Department of Biostatistics, Yale University School of Public Health, New Haven, Connecticut, USA.
Yale Center for Analytical Sciences, Yale University, New Haven, Connecticut, USA.
Stat Med. 2022 Feb 20;41(4):645-664. doi: 10.1002/sim.9284. Epub 2022 Jan 2.
Motivated by a suicide prevention trial with hierarchical treatment allocation (cluster-level and individual-level treatments), we address the sample size requirements for testing the treatment effects as well as their interaction. We assume a linear mixed model, within which two types of treatment effect estimands (controlled effect and marginal effect) are defined. For each null hypothesis corresponding to an estimand, we derive sample size formulas based on large-sample z-approximation, and provide finite-sample modifications based on a t-approximation. We relax the equal cluster size assumption and express the sample size formulas as functions of the mean and coefficient of variation of cluster sizes. We show that the sample size requirement for testing the controlled effect of the cluster-level treatment is more sensitive to cluster size variability than that for testing the controlled effect of the individual-level treatment; the same observation holds for testing the marginal effects. In addition, we show that the sample size for testing the interaction effect is proportional to that for testing the controlled or the marginal effect of the individual-level treatment. We conduct extensive simulations to validate the proposed sample size formulas, and find the empirical power agrees well with the predicted power for each test. Furthermore, the t-approximations often provide better control of type I error rate with a small number of clusters. Finally, we illustrate our sample size formulas to design the motivating suicide prevention factorial trial. The proposed methods are implemented in the R package H2x2Factorial.

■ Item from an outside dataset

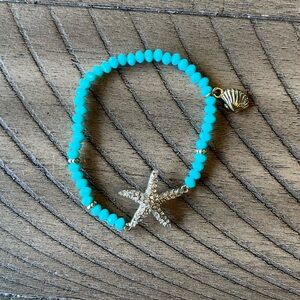 12 Bracelet Lot Adjustable Stretchy Beaded Rhinestones Starfish Tassel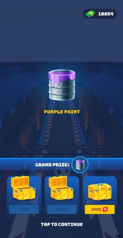 場合によっては、獲得したアイテムを取得するために 2 ~ 3 個のリワード ボックスを開けなければならない場合があります。無料で箱を開けるチャンスは 1 回だけですが、アイテムを手に入れられない場合は、広告を見て他のリワード ボックスを開くことができます。アイテムをすぐに入手できる確率は 3 分の 1 ですが、確率が常に有利になるとは限りません。その特定のアイテムを取得しない場合は、代わりに現金を取得します。以下の例では、パープル ペイント アイテムを取得するために、2 つ目の報酬ボックスを開き、広告を視聴する必要がありました。

受一项具有层级治疗分配(群组水平和个体水平治疗)的自杀预防试验的启发,我们解决了用于检验治疗效果及其交互作用的样本量要求。我们假设了一个线性混合模型,其中定义了两种类型的治疗效果估计量(受控效果和边缘效果)。对于每个对应于估计量的零假设,我们基于大样本 z-逼近推导出样本量公式,并基于 t-逼近提供有限样本修正。我们放宽了相等群组大小的假设,并将样本量公式表示为群组大小均值和变异系数的函数。我们表明,检验群组水平治疗的受控效果所需的样本量要求比检验个体水平治疗的受控效果对群组大小变异性更为敏感;对于检验边缘效果,也有同样的观察结果。此外,我们表明,检验交互作用效果所需的样本量与检验个体水平治疗的受控或边缘效果所需的样本量成正比。我们进行了广泛的模拟来验证所提出的样本量公式,发现每个检验的经验功效与预测功效非常吻合。此外,t-逼近通常可以在少量群组的情况下更好地控制第一类错误率。最后,我们使用所提出的样本量公式来说明激励性自杀预防析因试验的设计。所提出的方法在 R 包 H2x2Factorial 中实现。